The goal of this assignment is to provide a summary and description of the different concepts, methods, and algorithms that have been learned over the duration of this course. 

**Note**: Some of the code snippets included in this notebook have been taken from course materials provided by Dr Wocjan. These course materials can be found at: https://github.com/schneider128k/machine_learning_course

#**0. General Concepts**

The distinction between the fields of Artificial Intelligence, Machine Learning, and Deep Learning was made clear in this class. 
It was understood that Machine Learning fell under the umbrella of Artificial Intelligence.

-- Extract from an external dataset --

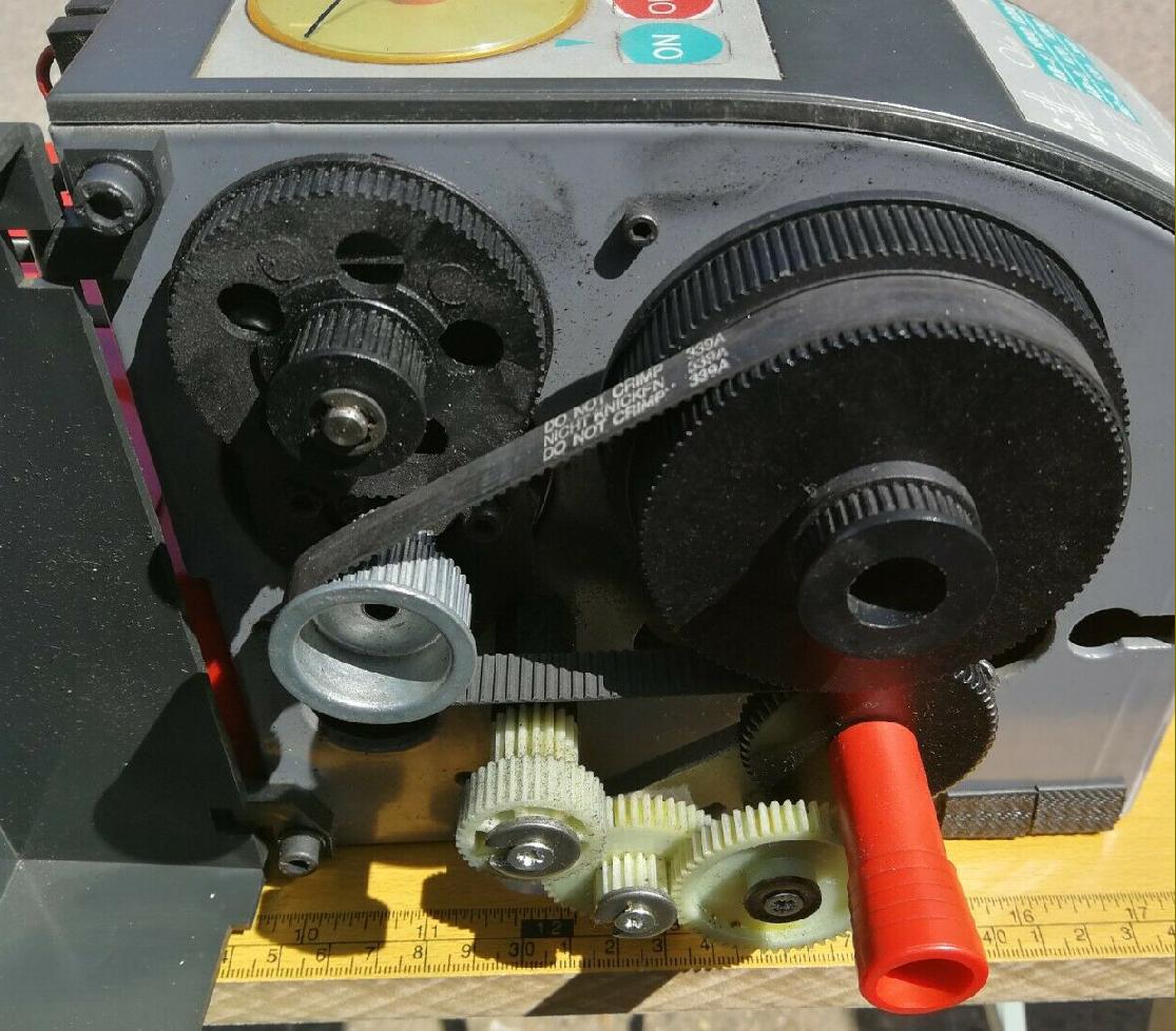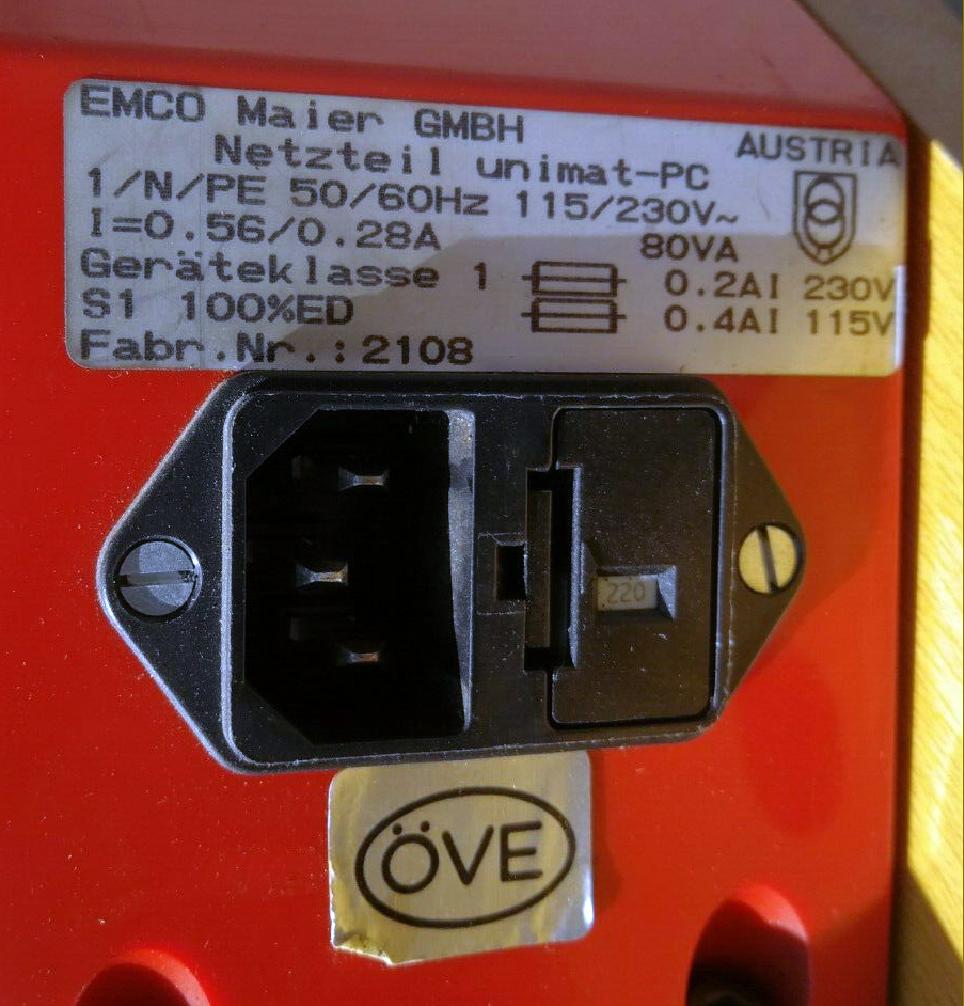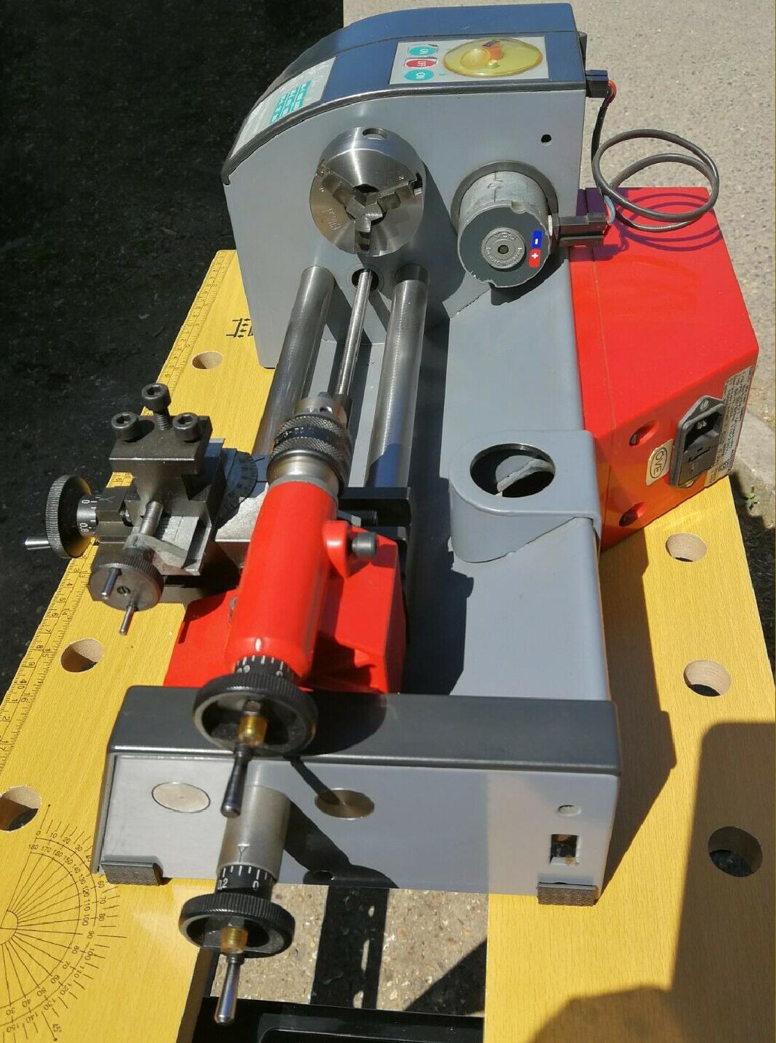 Emco Unimat PC "Basic" 2.1" x 7.6" (54 mm x 194 mm). The PC was a beautifully integrated design, with very rigid, large-diameter bed bars and variable-speed drive; the latter, combined with a three-step drive by toothed belts that could be arranged to drive the spindle directly or though an intermediate pulley set, gave three speed ranges: 20 to 300 rpm, 300 to 1200 rpm and 1200 to 2200 rpm. The motor - happily a switchable 115 volt/230 volt and dual 50/60 Hz unit - was confusingly referred to by the makers as having a maximum "absorbed power" of 80W, a "maximum power output" of 50 watts and a "continuously absorbed power" of 60 watts. Whatever the output, it was only just adequate. At the back of the lathe can be seen the electrical control box - a detachable unit. The spindle, with a bore of 12.2 mm was threaded M14 x 1 - as was the tailstock barrel in order to mount screw-on chucks and rotating centres - there being no Morse-taper fitting. This lathe was available, like others in the Emco range, with a computer control system running on a standard PC; a kit was offered, containing two stepper motors, a power pack and drive belts, to make this conversion possible. Unfortunately, it was very expensive and, compared to previous small Emco lathes, relatively few were sold. Of all the miniature Emco lathes this is almost certainly the best you can buy but, because of their rarity, and the inclination of owners to hang on to them, they are very hard to find.

Deep Learning was further encapsulated in Machine Learning. 

Note: Some of the following concepts described in this section were beyond the scope of this course and thus were not covered in detail.

###**Artificial Intelligence (AI)**
Artificial Intelligence may be defined as a computer system that is able to perform tasks that normally require human intelligence, such as visual perception, speech recognition, decision-making, and translation between languages. It deals with the simulation of intelligent behavior in computers. The collection of all methods in AI research that are based on symbolic representations of problems, logic and, search is called symbolic AI or GOFAI ("Good Old-Fashioned AI"). It can be thought of as a system that takes in an input and a set of rules and produces an output.

Input ----------> +-------------+           

>>> |...............| ----------> Output

Rules ---------->  +------------+

###**Machine Learning (ML)**
Machine Learning allows computers to make predictions without any explicit programming. ML algorithms are set up to adjust their output based on the data they are passed. Machine Learning does not require human interference to make changes. Unlike symbolic AI, machine learning has the ability to modify itself when more data is presented to it.

Input ----------> +-----------+           
                   
>>>  |.............| ----------> Rules

Output ------->  +------------+


###**Deep Learning (DL)**
Deep Learning is a subset of ML wherein the algorithms roughly try to mimic the processing patterns that occur in the human brain. For instance, ML requires the features to be given to the program while a deep learning model can discover the features required for classification by itself.

###**Supervised Learning**
Supervised learning is a branch of ML where the model is provided with labeled training data. It finds patterns between the data and labels and expresses them as mathematical functions. For a given input feature, the system is explicitly told what the expected output label is, hence the name Supervised Learning.

###**Unsupervised Learning**
The goal of unsupervised learning is to identify meaningful patterns in the data. To that end, the program needs to learn from an unlabeled dataset. The model is not given any rules and must self-infer them to categorize the data given to it.

###**Reinforcement Learning (RL)**
In RL, the model (also known as "agent") proceeds in an environment where it can be in a certain number of states, and each state has an action and reward associated with it, on the basis of which the agent can transition into another state. Generally the goal of RL is for the agent to learn which actions to take in order to maximize the total reward it receives.

#**1. Building a model** 

The structure of a neural network is loosely analogous to the networks of neurons found in human brains where one group of neurons firing triggers activity in some other neurons. A neural network in AI is composed of a series of layers. The most basic neural network will have an input layer, an intermediate hidden layer, and an output layer. The hidden layer can be of different types depending on the purpose and architecture of the neural network. 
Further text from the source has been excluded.